__ASSIGNMENT__
Copy task for the material below: print the line with "Le projet travaille" and every line after it to the end, exactly as written, without the pictures.

__GIVEN DATA__

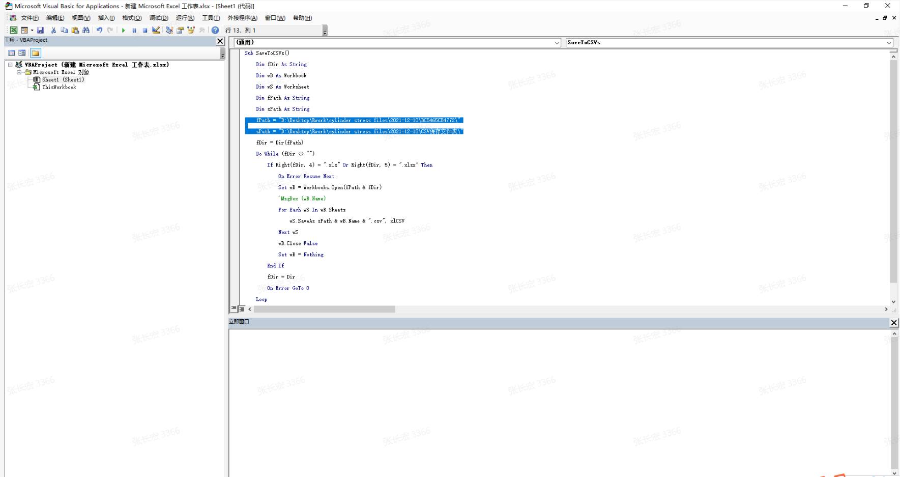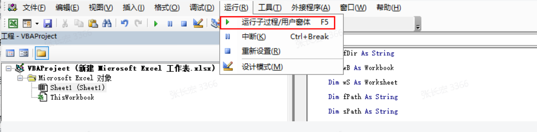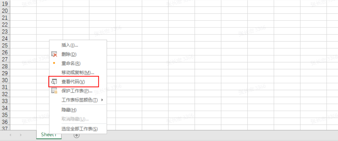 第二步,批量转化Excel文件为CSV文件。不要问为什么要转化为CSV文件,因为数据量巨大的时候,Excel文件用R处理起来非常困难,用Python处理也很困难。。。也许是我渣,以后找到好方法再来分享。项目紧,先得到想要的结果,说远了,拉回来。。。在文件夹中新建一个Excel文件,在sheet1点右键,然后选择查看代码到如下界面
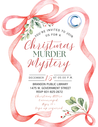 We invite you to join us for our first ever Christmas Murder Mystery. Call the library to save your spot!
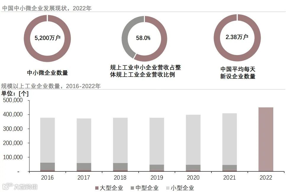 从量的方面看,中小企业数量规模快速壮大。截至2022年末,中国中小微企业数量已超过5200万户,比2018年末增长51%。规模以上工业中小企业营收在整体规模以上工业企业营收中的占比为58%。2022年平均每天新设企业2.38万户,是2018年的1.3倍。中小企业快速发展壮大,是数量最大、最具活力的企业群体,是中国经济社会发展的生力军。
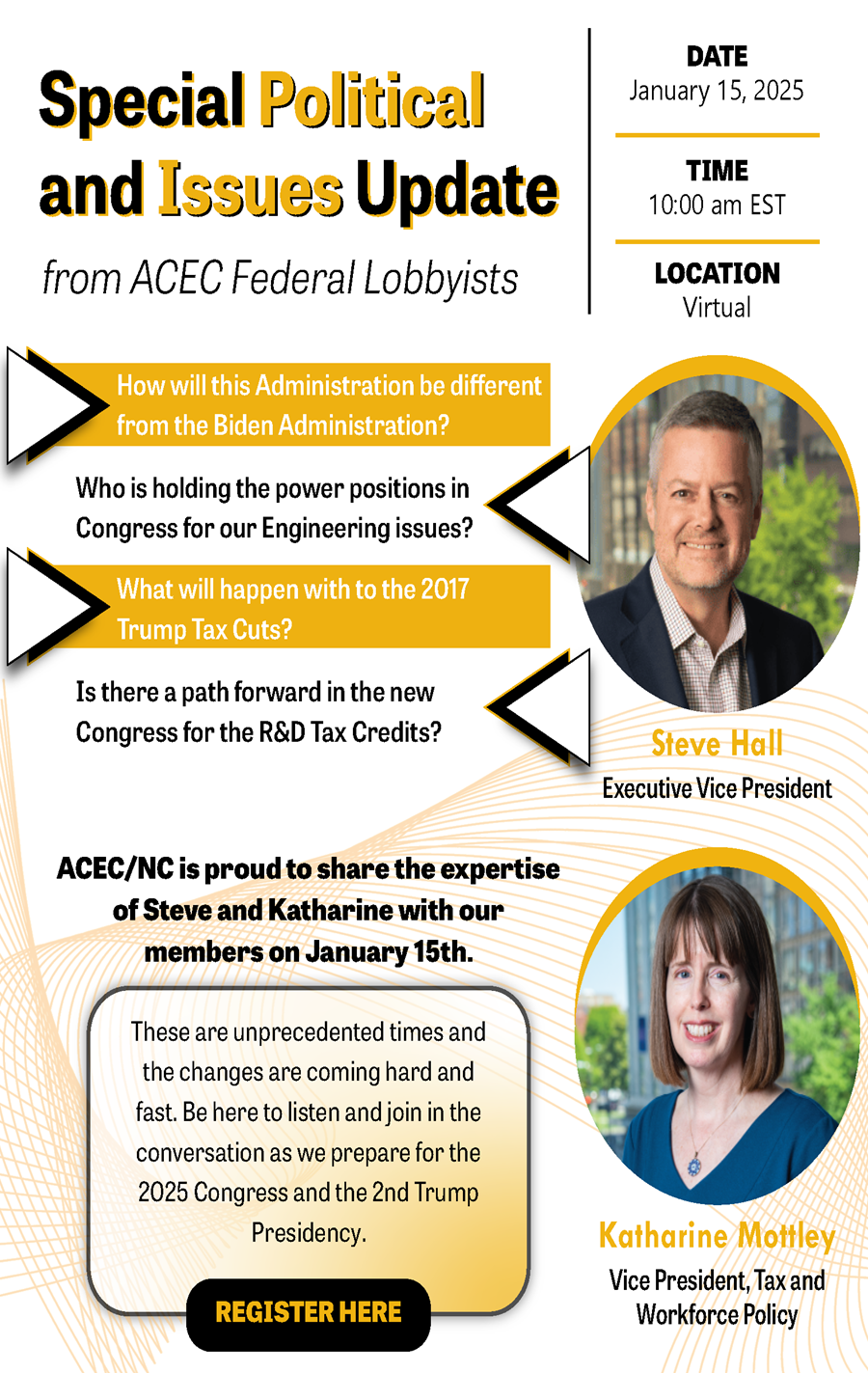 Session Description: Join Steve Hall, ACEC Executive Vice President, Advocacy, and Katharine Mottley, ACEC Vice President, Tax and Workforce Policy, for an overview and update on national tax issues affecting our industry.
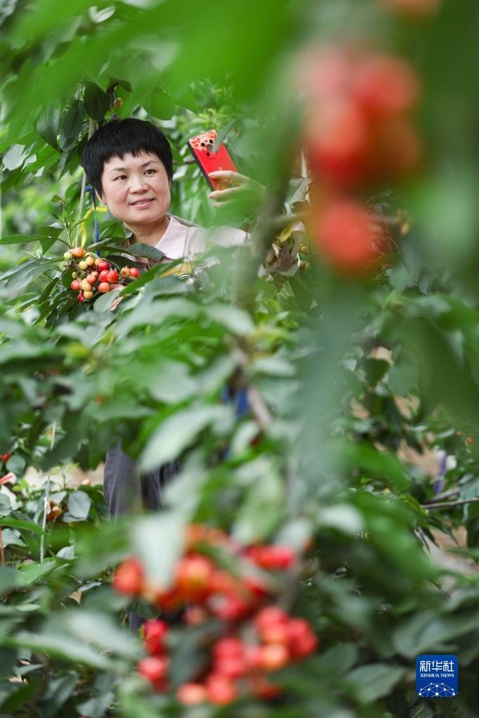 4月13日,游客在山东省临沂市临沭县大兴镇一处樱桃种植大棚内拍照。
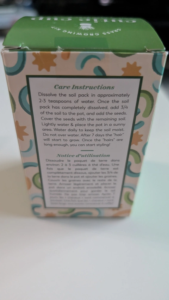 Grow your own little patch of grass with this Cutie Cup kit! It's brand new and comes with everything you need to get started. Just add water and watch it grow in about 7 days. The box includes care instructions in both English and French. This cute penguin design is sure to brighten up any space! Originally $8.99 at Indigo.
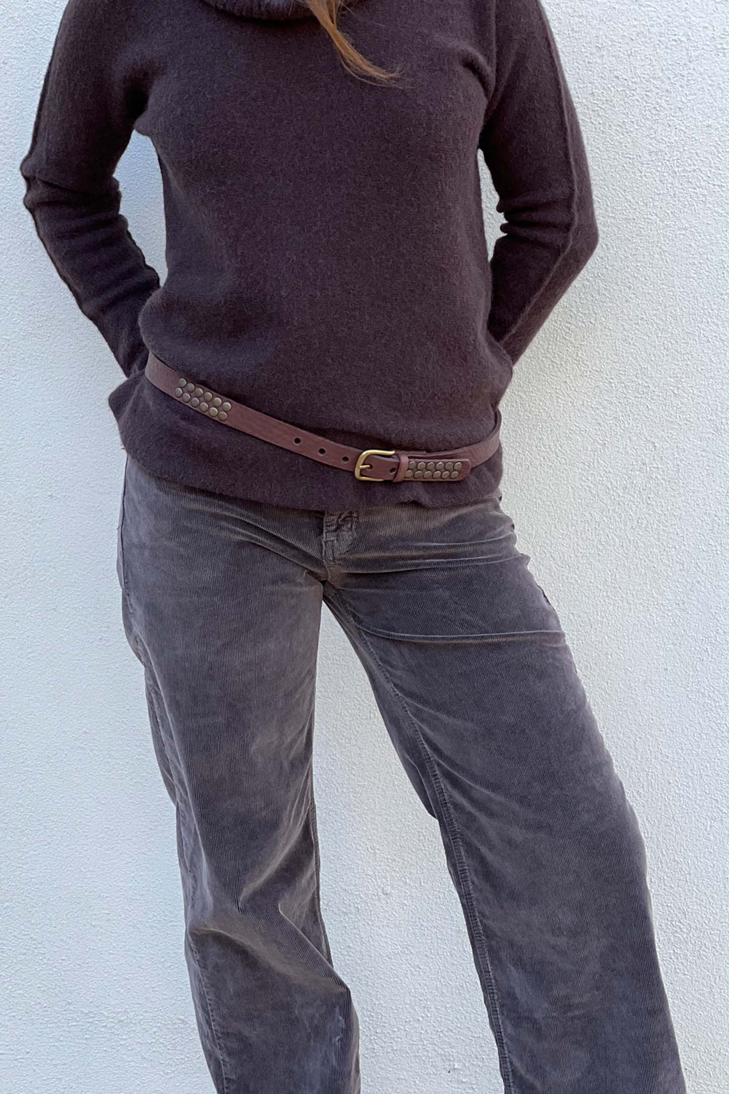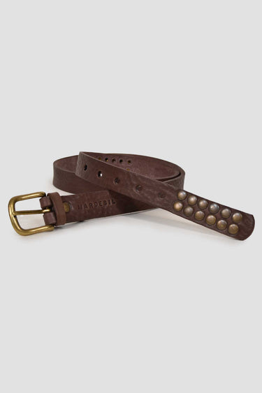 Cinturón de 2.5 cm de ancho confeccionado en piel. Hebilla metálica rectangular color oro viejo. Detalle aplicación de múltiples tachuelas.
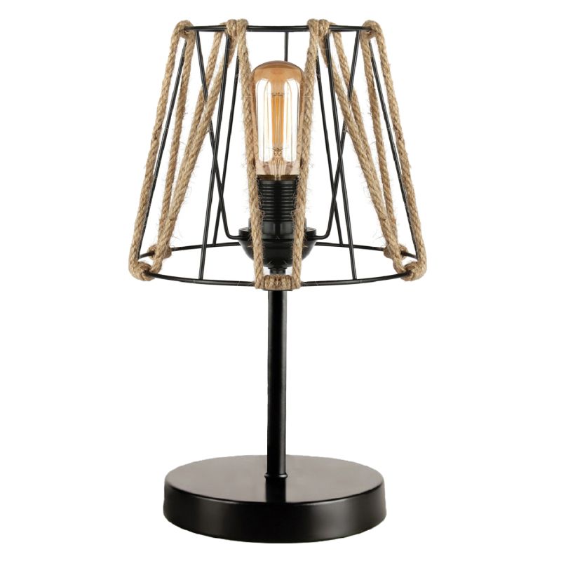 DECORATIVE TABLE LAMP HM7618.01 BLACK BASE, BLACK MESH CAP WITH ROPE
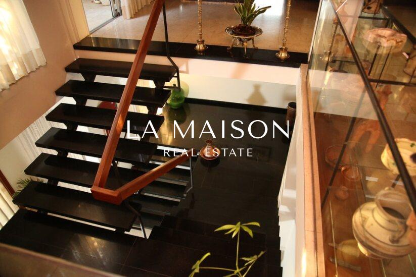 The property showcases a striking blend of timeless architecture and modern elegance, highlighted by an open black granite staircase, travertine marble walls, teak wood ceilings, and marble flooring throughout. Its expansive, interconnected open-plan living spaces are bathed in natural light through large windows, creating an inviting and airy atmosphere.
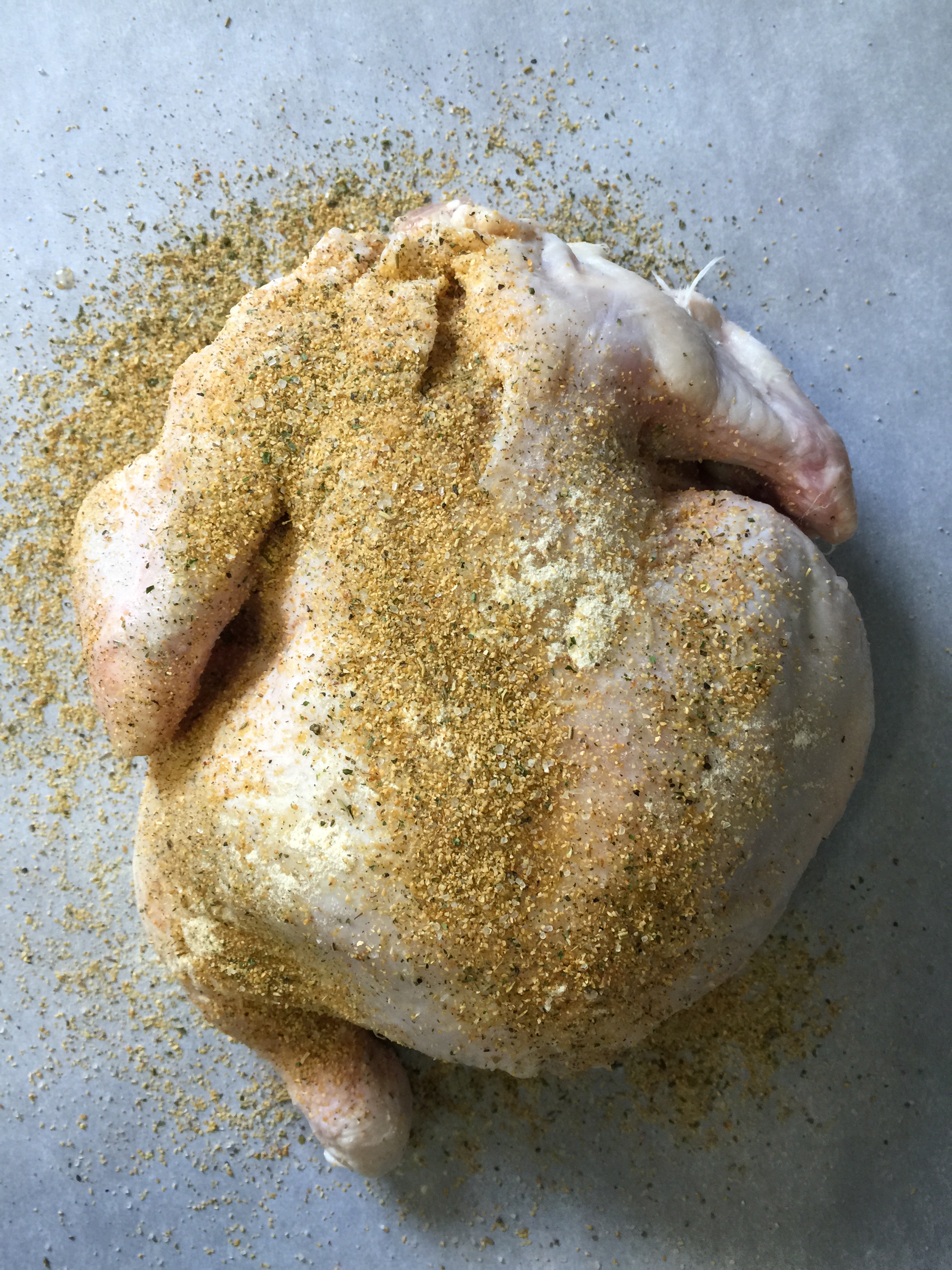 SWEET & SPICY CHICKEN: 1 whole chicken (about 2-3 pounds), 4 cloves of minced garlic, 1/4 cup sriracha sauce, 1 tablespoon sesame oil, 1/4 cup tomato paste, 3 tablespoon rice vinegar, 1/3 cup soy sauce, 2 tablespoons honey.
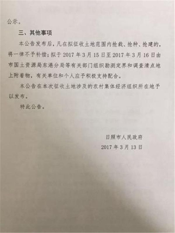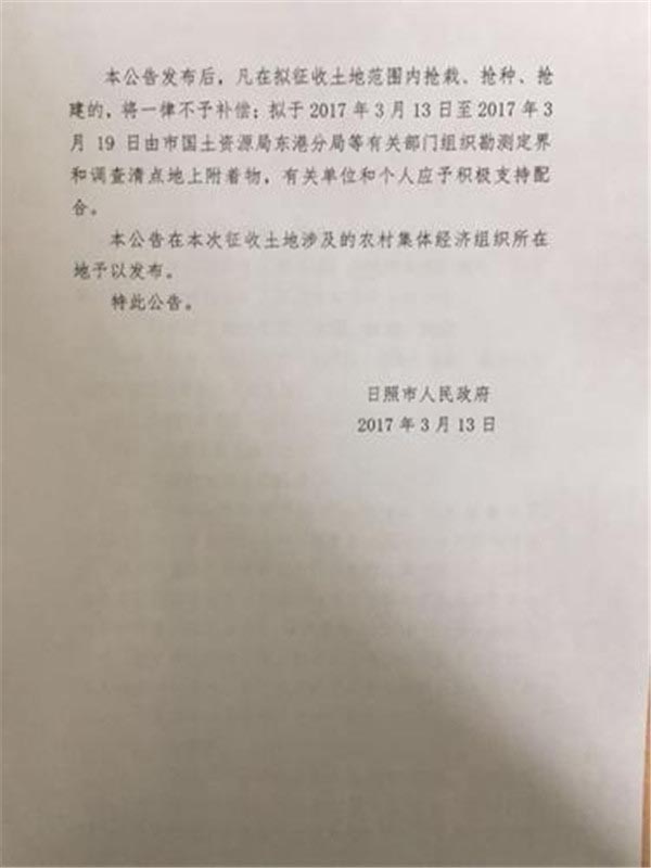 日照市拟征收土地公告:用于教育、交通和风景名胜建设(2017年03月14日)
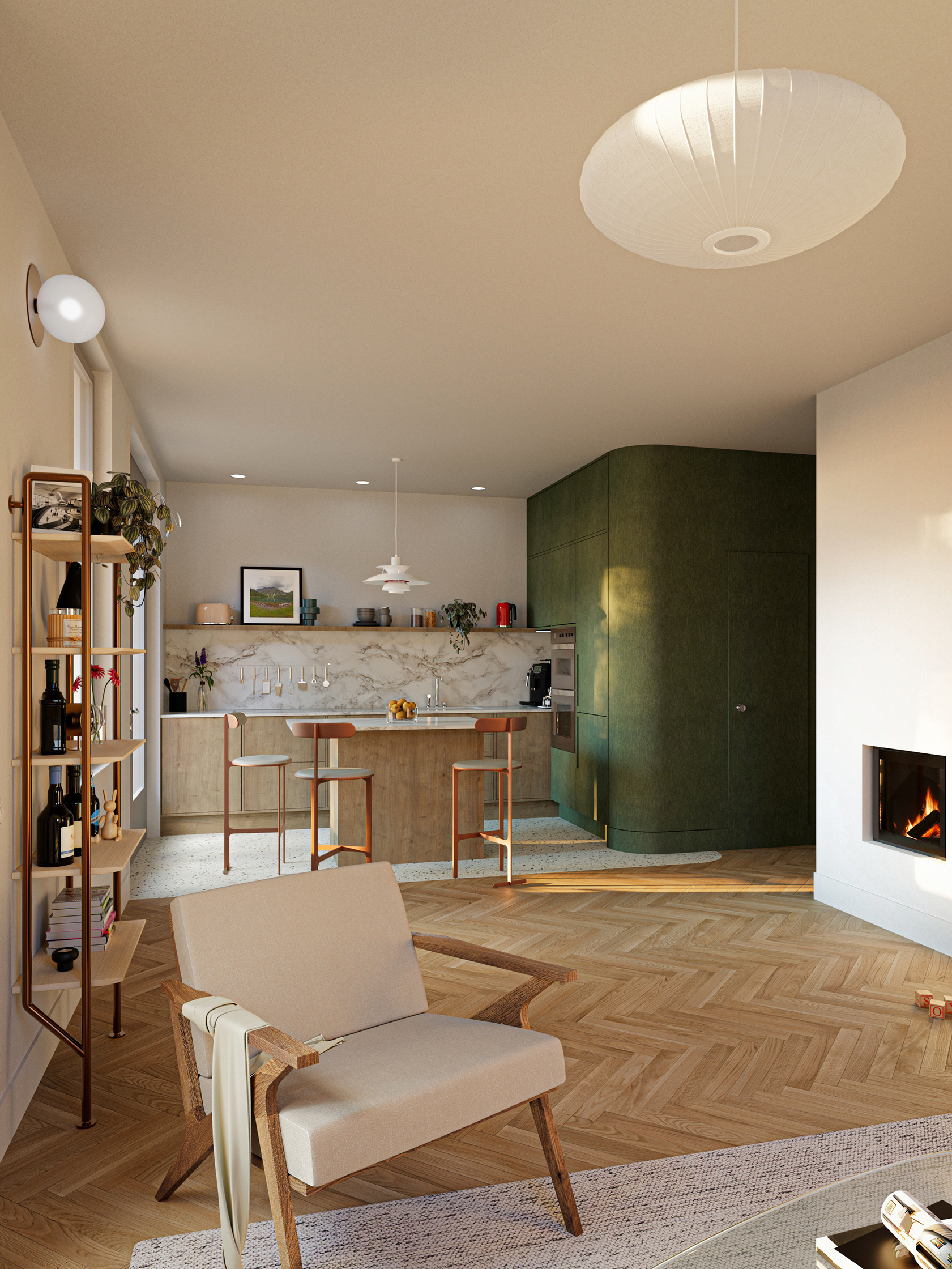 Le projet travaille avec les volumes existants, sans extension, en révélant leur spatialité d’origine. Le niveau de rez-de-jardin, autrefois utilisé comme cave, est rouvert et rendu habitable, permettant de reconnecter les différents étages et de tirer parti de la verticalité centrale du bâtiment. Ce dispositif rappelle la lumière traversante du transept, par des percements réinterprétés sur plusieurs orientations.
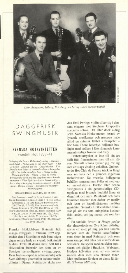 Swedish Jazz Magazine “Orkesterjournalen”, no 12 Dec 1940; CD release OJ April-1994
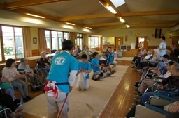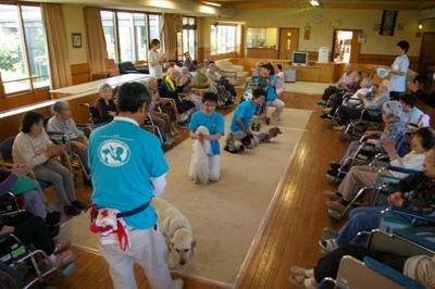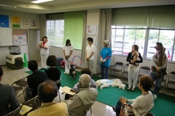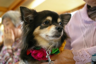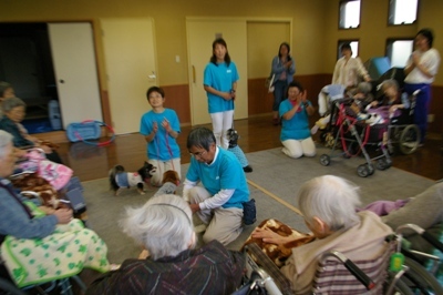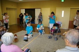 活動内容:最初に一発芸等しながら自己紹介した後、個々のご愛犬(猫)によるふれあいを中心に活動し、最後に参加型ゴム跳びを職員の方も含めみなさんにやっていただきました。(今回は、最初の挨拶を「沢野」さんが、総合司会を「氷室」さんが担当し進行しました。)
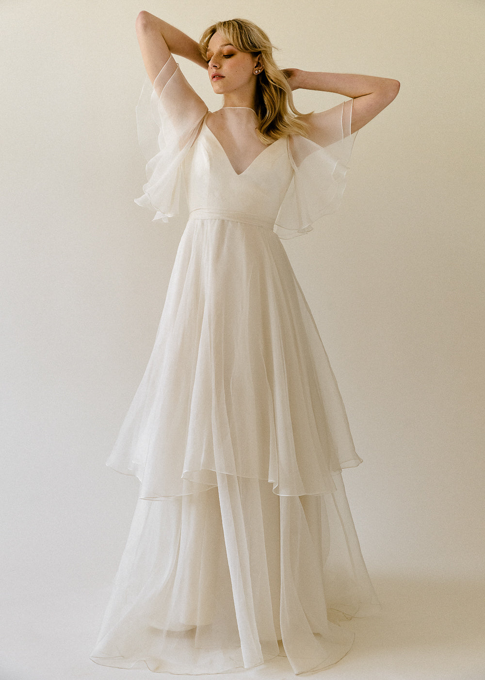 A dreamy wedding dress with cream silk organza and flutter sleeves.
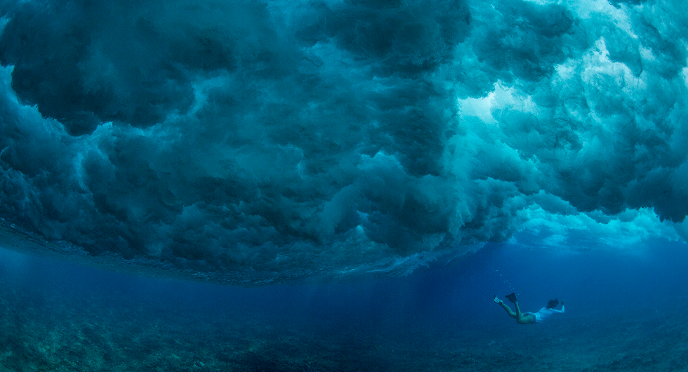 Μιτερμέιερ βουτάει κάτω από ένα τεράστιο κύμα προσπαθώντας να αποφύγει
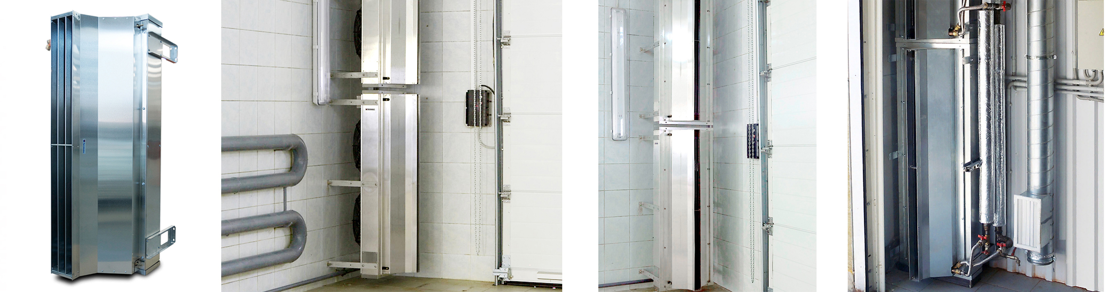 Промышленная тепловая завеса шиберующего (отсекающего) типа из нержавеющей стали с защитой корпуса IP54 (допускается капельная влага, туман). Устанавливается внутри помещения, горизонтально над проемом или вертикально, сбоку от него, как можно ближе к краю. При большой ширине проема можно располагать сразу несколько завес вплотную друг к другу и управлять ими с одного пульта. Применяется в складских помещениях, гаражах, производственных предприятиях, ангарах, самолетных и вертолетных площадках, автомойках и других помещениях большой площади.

__EXERCISE RESPONSE__
 Le projet travaille avec les volumes existants, sans extension, en révélant leur spatialité d’origine. Le niveau de rez-de-jardin, autrefois utilisé comme cave, est rouvert et rendu habitable, permettant de reconnecter les différents étages et de tirer parti de la verticalité centrale du bâtiment. Ce dispositif rappelle la lumière traversante du transept, par des percements réinterprétés sur plusieurs orientations.
 Swedish Jazz Magazine “Orkesterjournalen”, no 12 Dec 1940; CD release OJ April-1994
 活動内容:最初に一発芸等しながら自己紹介した後、個々のご愛犬(猫)によるふれあいを中心に活動し、最後に参加型ゴム跳びを職員の方も含めみなさんにやっていただきました。(今回は、最初の挨拶を「沢野」さんが、総合司会を「氷室」さんが担当し進行しました。)
 A dreamy wedding dress with cream silk organza and flutter sleeves.
 Μιτερμέιερ βουτάει κάτω από ένα τεράστιο κύμα προσπαθώντας να αποφύγει
 Промышленная тепловая завеса шиберующего (отсекающего) типа из нержавеющей стали с защитой корпуса IP54 (допускается капельная влага, туман). Устанавливается внутри помещения, горизонтально над проемом или вертикально, сбоку от него, как можно ближе к краю. При большой ширине проема можно располагать сразу несколько завес вплотную друг к другу и управлять ими с одного пульта. Применяется в складских помещениях, гаражах, производственных предприятиях, ангарах, самолетных и вертолетных площадках, автомойках и других помещениях большой площади.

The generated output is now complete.